BBD is also a member of the Zhongguancun Big Data Industry Alliance and the Beijing Municipal Bureau of Financial Work, both powerful tech-driven organizations.
Helen Wang, the company's chief executive in Britain, says the R&D center in Cambridge will enable it to utilize the research strength in crowdfunding at the city's university and work with its experts to extend big data's application to bio data.
Wang says: "By working with a leading research institute in crowdfunding, BBD can contribute to China's peer-to-peer industry, which is increasingly in need of regulation and supervision."
Using the same methods employed in the China New Economy Index, BBD is using its presence in the UK to develop products that track growth opportunities in the Belt and Road countries. Wang says Belt and Road based products could help investors target investment strategies at countries that receive high growth rankings.
BBD's expansion into the UK happened on the back of a boom in China's big-data industry, which enjoys the advantage of abundant data due to the nation's large population, heavy investment in the sector and a large number of well-qualified engineers.
While the size of the sector is hard to determine because it has only taken off in the past five years, the Beijing-based intelligence firm Analysis International estimates that big data-related marketing services in China grew by more than 150 percent to 2 billion yuan ($300 million; 278.1 million euros; 240.2 million) in 2015, and is forecast to increase to 27.7 billion yuan by 2018.

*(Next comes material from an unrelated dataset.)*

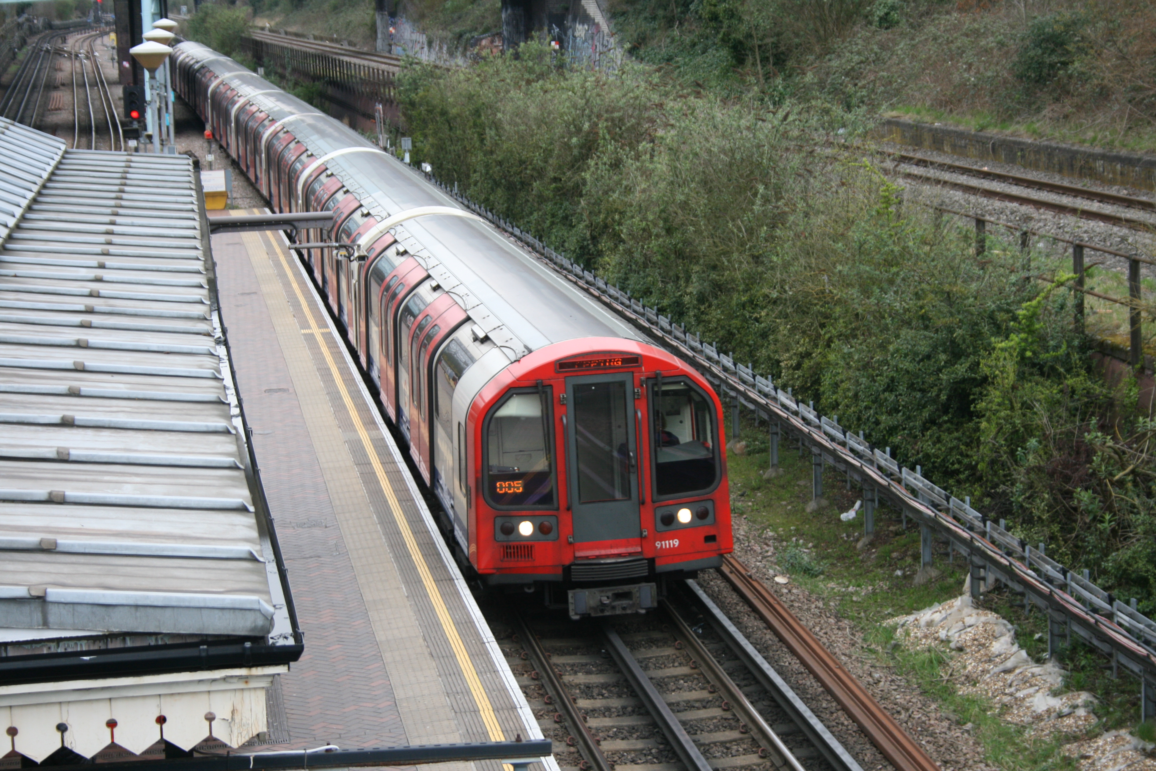 London Underground 1992 Stock 91119 on Central Line, North Acton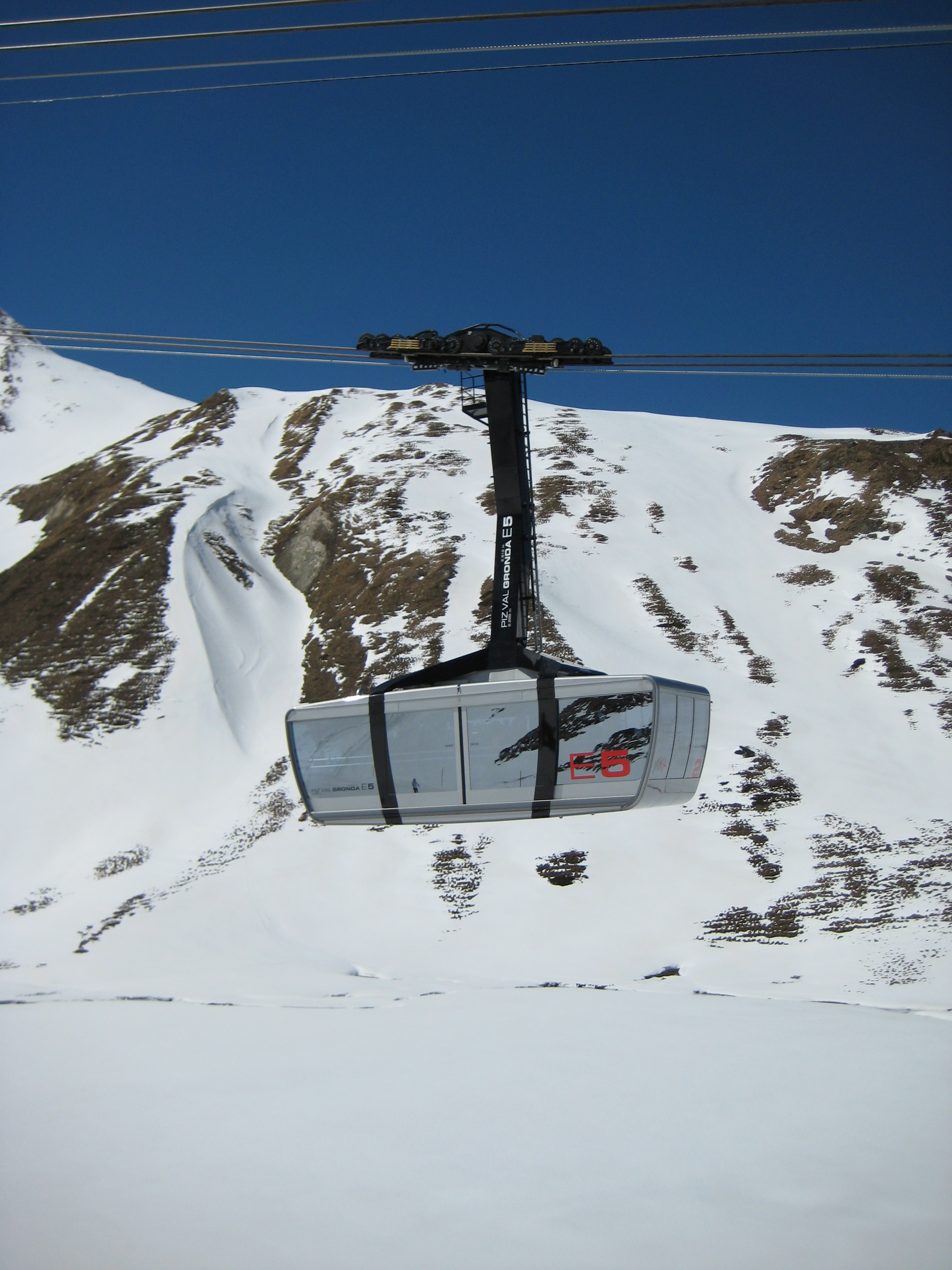 Cablecar of the Piz-Val-Gronda-Bahn in the Silvretta Arena in Ischgl.

Globally, the big-data market potential is huge. German-based data firm Statista estimates the market value in 2015 was worth $22.6 billion, which is expected to almost double to $40.8 billion by 2018, and reach $92.2 billion by 2026.
Such rapid growth in the big data sector also means the development of the industry is racing ahead of the regulators, and investors at times do not know who they can trust. Increasing difficulty in garnering funding from traditional sources has led to a surge of crowdfunding platforms, which gather money from individual investors and lend to borrowers who lack the ability to borrow from mainstream banks.
Witnessing the need for investors to reliably measure the risks of different crowdfunding platforms, BBD is now developing crowdfunding indices, including one version specific to the UK market, expected to be launched in the second half of this year.
Helen Wang says: "We hope to capture information from public sources to create an index that rates crowdfunding platforms. The key users of this index would be businesses, investors and government regulators.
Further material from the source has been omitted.